Further interesting stuff from Bourne was that the thought that data are created are equal must end, that we need to understand how data are used, that reductionism is not a dirty word, that we should do more with the long tail, and should stop looking at funding agencies. And to conclude: “Think about the questions we wish to answer rather than simply being able to retrieve the data.”
The remainder of the launch meeting was perhaps really what is all about – established and perhaps-to-be-established working groups gathered for afternoon sessions on the second day and reported back on this the next day. We can tell at the next (mid-September in Washington) plenary RDA meeting what real actions have been taken up by all these groups, what plans are still valid and where new things are added.

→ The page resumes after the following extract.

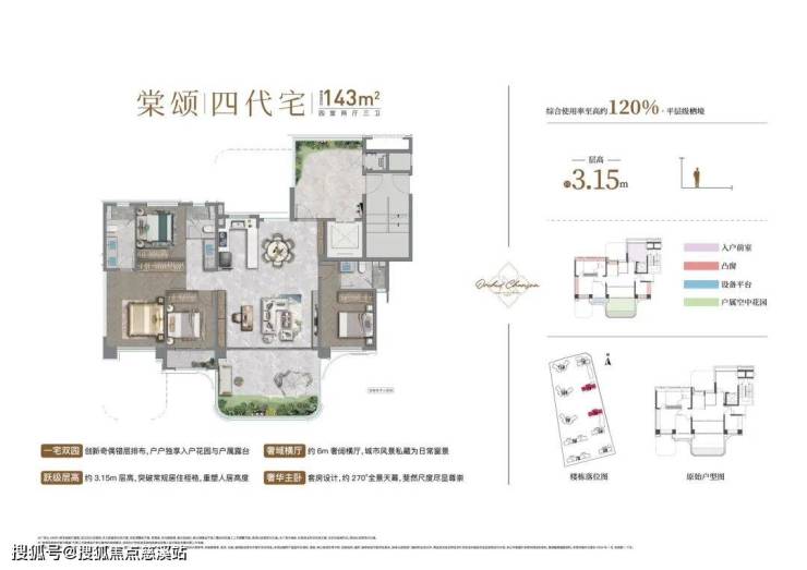 4、总统主卧270°全景天幕、双台盆设计,5、别墅级层高3.15米,层高即空间,15公分即21立方的空间;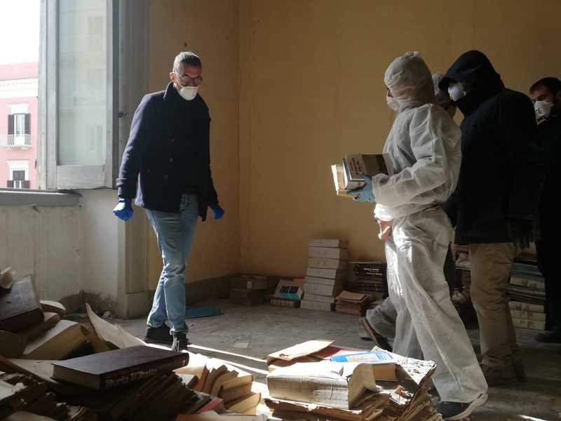 Sono stati raccolti 10mila euro da privati e altri 10mila li ha stanziati il Comune - spiega Bottaro -. Il primo intervento lo abbiamo fatto a marzo dell'anno scorso con il recupero di circa 500 volumi. Oggi abbiamo salvato la parte più cospicua del patrimonio librario abbandonato a palazzo Vischi. I volumi saranno portati a Potenza in un centro specializzato per la sanificazione. Ringrazio tutti i volontari che hanno dedicato questa giornata al recupero materiale dei libri. Ringrazio pubblicamente, ed in rigoroso ordine cronologico, chi ha sostenuto e finanziato con un contributo questa iniziativa: International inner wheel club di Trani; Mimmo de Laurentis; Stefano Martinelli; Carlo Avantario; Exprivia Spa; Tonino Lacalamita; Maria Storelli; Auser insieme Trani; Michele Rizzi; Francesco Paolo Caffarella; Francesca Zitoli; Formedil; Stefano Mastromauro; Fabrizio Ferrante; Renato Mastrulli; Di Gregorio Snc».

Also for us both at 3TU.datacentre and TU Delft Library we need to work on our ambition and see where we can streamline this with all the RDA initiatives. Will we be able to take part in the yet-to-be-approved engagement working group , the publishing data interest group (with its subgroup on citation of dynamic data), while our DANS colleagues chair the to-be-approved certification working group and more interesting stuff is going in, e.g. in Preservation, or PID information, Terminology, etc ….? What we know for sure is that we cannot do everything, There were three things though that I brought back with me to have some further thoughts about:
- Should we (copying Research Data Canada) start a Research Data Netherlands initiative? Where we make sure that there is a voice for the Netherlands in several associations, alliances, working groups and that we think about an efficient workload and division in topics, disciplines?
- Would it be an idea (perhaps for the to-be-approved RDA Working Group on Preservation?) to start working on a retention table, so that we take the advice to work on “reductionism” into account?
- Is Dataverse Network (which we also will offer to our Delft, Eindhoven and Twente scientists) the thing that is “just as easy” for our scientists to use as Dropbox? Mind you, there is a FileSender option, offered by Surfnet, I am not sure whether we knew about this in Delft!
There was so much more, but I guess I should stop, but not without two more quotes:
- Scott Brim: We should get the horse to drink, the desperate need is there, but it is only clear to us
- We could view RDA as green house to let the flowers grow.
Blog views as per June 25, 2013: 744. After that date post was migrated to this new url.